Он сдавленно застонал, я сделал еще шаг - и ощутил, как спину пронзает боль. Темно...
Так глупо. В детстве я боялся темноты, еще и Анри всегда пугал меня. Говорил, что
если не буду слушаться, придут чудовища и заберут меня с собой. Только оказалось, что
чудовища - это люди, а тьма дарила покой. Я плыл в ней, как по волнам. Вверх, к свету -
и вниз. Вверх - и вниз. Иногда во тьму долетали голоса: директора Рейдеса, куратора
Синтера, целительницы из гимназии. Но не было одного того голоса, который хотелось
услышать. Я пытался позвать Лиз, но с губ не слетало ни звука. Во тьме царила полная
тишина.
Иногда я будто слышал голос мамы. Умом понимал, что она умерла, но слух улавливал
обрывки фраз:
– Сыночек мой, дорогой, хороший, потерпи. Скоро все пройдет. Родной мой, любимый.
А потом она напевала колыбельные из детства, и даже казалось, будто ощущаю её
прикосновения. Снова тянулся ввысь, к свету - и падал во тьму. Временами свет окутывал
мои ладони. Я смотрел на него - и не понимал. С каких это пор я могу применять
заклинания исцеления? Или мне это приснилось? Все приснилось: гибель родителей,
гимназия, Лиз, а я сейчас дома, подхватил какую-нибудь болезнь и мечусь в бреду?
Больно...
– Давай, парень, - уговаривал куратор Синтер.
– Ты же сильный. Выкарабкивайся!
Да не хочу я выкарабкиваться, куратор. Не хочу. Лучше буду вот так плыть, ничего
не ощущая, и слушать мамин голос. А она упрашивала:
– Мальчик мой, хороший, надо выздоравливать. Не пугай так маму.
Мама, чем я могу тебя напугать, если тебя нет? И меня... нет больше.
– Оставьте мальчишку в покое!
– требовала целительница.
– Дайте отдохнуть. Что вы
за люди такие? Лучше системой безопасности займитесь.

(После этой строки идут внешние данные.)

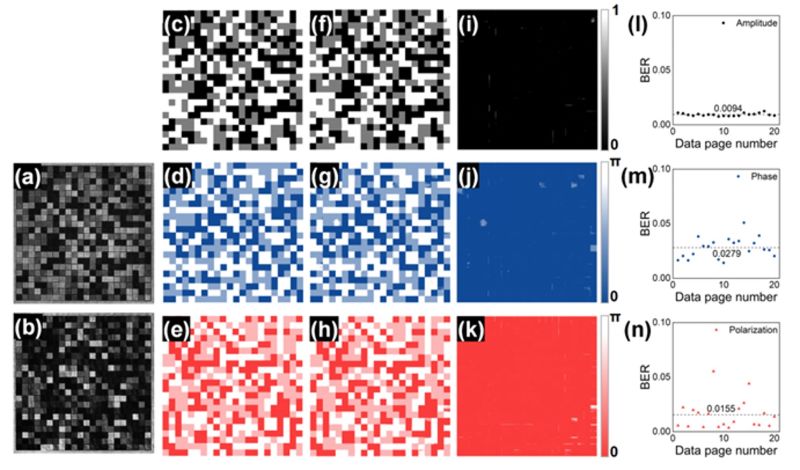 本研究基于团队在张量偏光全息理论的长期积累,为技术实现提供了坚实基础。本文首次提出并实验验证了振幅、相位与偏振三种基本光学维度的联合编码与解码方法,实现了全息数据存储容量与速率的提升。该多维调制与重建技术不仅适用于高密度数据存储,还可拓展应用于光学加密、防伪认证、大容量光通信以及结构光生成等领域。 |
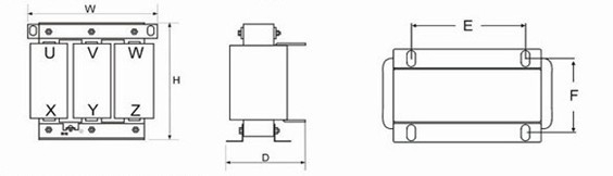 | 產(chǎn)品型號(hào) | 額定電流 | 電抗率 | 電容容量 | W | D | H | E | F |
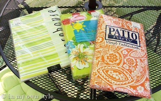 I don’t live near a Home Goods…but there is a Dollar General close by—and they have really cute vinyl table cloths….These would be cute on my pool deck!
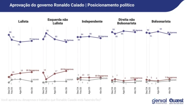 O levantamento indica que Caiado tem aprovação de 84% dos entrevistados, índice que permanece acima dos 80% desde abril de 2024. A desaprovação soma 11%, enquanto 5% não souberam responder.
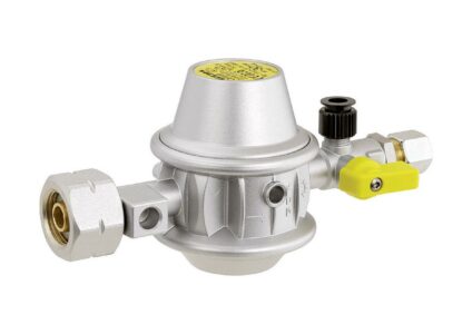 Niederdruckregler Typ EN61-DS PS 16 bar zum Anschluss an fest am Fahrzeug installierte Gasbehälter zur Druckregelung auf den Nenndruck des Gasgerätes. Bestehend aus: Niederdruckregler mit integrierter Überdrucksicherheitseinrichtung ÜDS mit Prüfventil. Zulassung: EG-Baumusterprüfung nach DGR. Typ EN61-DS GF x RVS 8 mm 30mbar 1,5 kg/h
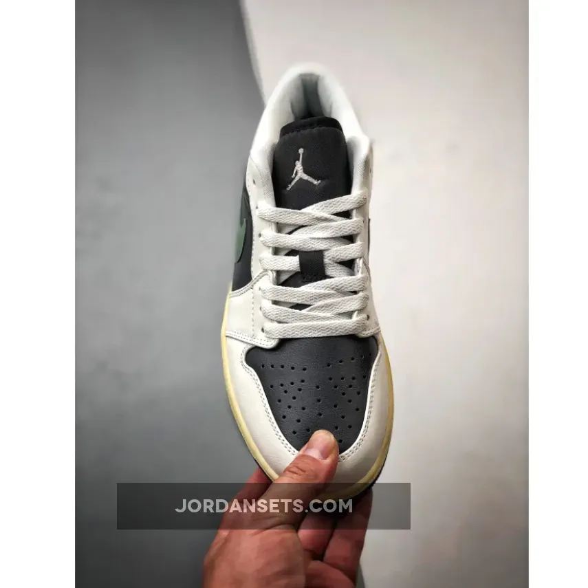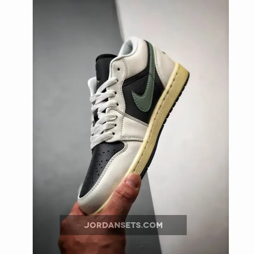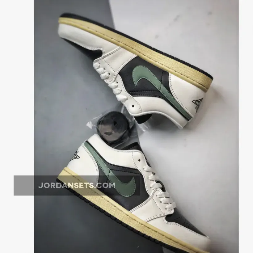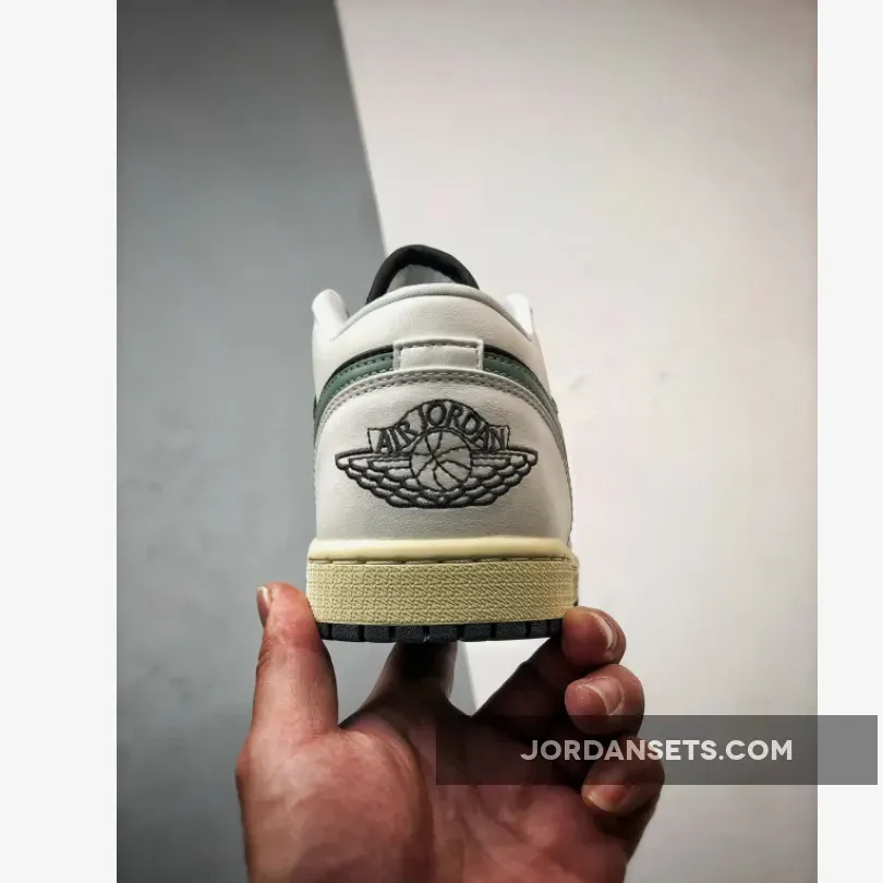 Jade Smoke accents on the Swoosh logos provide a captivating contrast, complemented by White Jumpman logos on the tongues and insoles. A vintage aesthetic is achieved with the Legend Sand midsole, rounding off the design seamlessly.

И голоса отступали, я оставался один в темноте. Почему не в пустоте? Тогда мы могли
бы встретиться с Анри. Я звал брата - беззвучно, потому что голоса не было, но снова и
снова умолял, чтобы он вернулся, потому что я больше не справлюсь.
– Филипп, - звала мама.
– Да сделайте хоть что-нибудь!
– требовал куратор Синтер.
– Никуда я не пойду!
– А это Роберт.
– Почему мне ничего не говорят?
– А вы родственники?
– ядовитый ответ директора.
– Вон отсюда!
И снова теплые волны тьмы. Почему светло? Откуда свет? Я глубоко вдохнул - и
открыл глаза. У кровати сидел человек, которого меньше всего хотелось видеть - Эдуард
Рейдес. Он выглядел постаревшим и осунувшимся. Я попытался спросить, где Лиз, но из
горла вырвался только сип.
– Очнулся?
– подскочил на ноги директор.
– Наконец-то! Подожди, я приведу мадам
Файли.
Но я перехватил его руку. Пальцы, правда, сразу соскользнули, только директор
понял правильно и отвернулся.
– Лиз больше нет, - сказал он и быстро вышел из палаты.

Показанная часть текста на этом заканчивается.